Secondly, ahimsa is how we choose to view the rest of the world. We are all here purposefully and we each have purpose. Building hierarchies around whom we bestow kindness on is wrong. Plants, people, animals, and, yes, even tiny black bugs, are on the same level. Living. And they each deserve to go about their path. Unharmed.


Asteya is a Sanskrit word, one of the yamas of yoga (codes for living). In English, it translates to "non-stealing." I remember when I first heard it a few months ago. I was settled on a bolster in teacher training class, and my first auto-thoughts were: "Don't take candy from a drugstore. Don't steal music offline. Don't rob a bank. Got it."

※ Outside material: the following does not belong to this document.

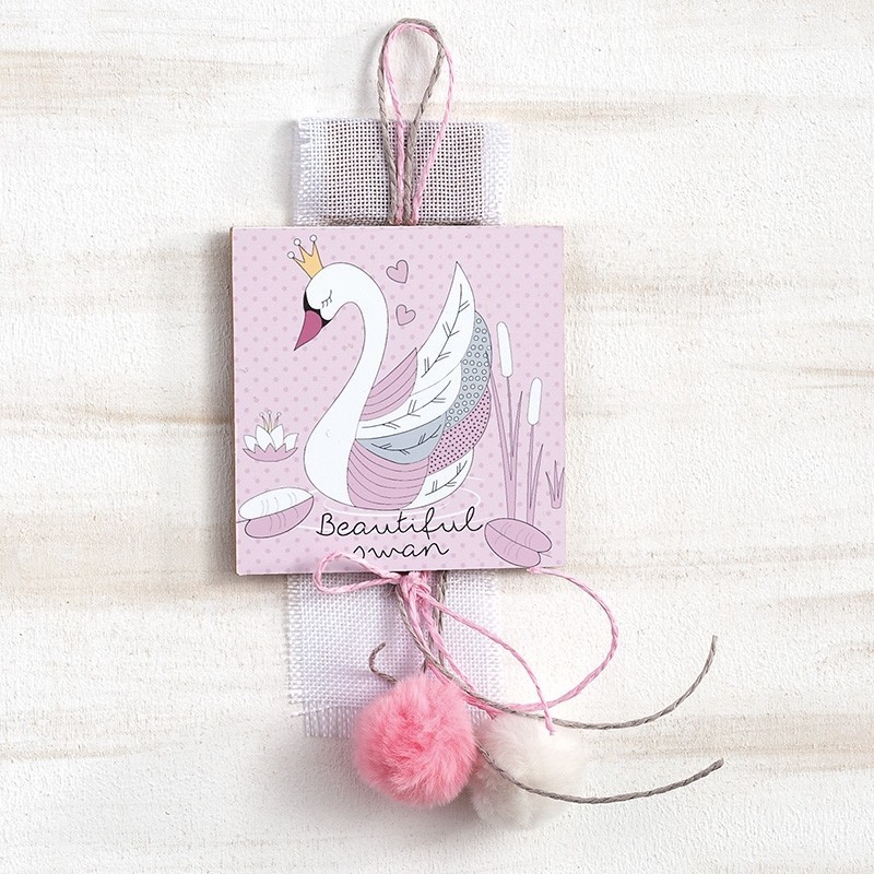 Ξύλινο διακοσμητικό καδράκι κύκνος κρεμαστό με λινάτσα και pom pom.

It was right about then that my teacher issued a caution: Asteya is not limited to physical actions. Yes, we shouldn't take material things that are not our own. But there are countless other ways we can and do steal.

Think about it: When someone tells you a story, do you piggyback? Tell your own story? You got a promotion? I once did too. Oh, you've been to Europe? I have too.

Culturally, I think we've all come to see this as sharing. But is it? Or are we stealing someone else's joy?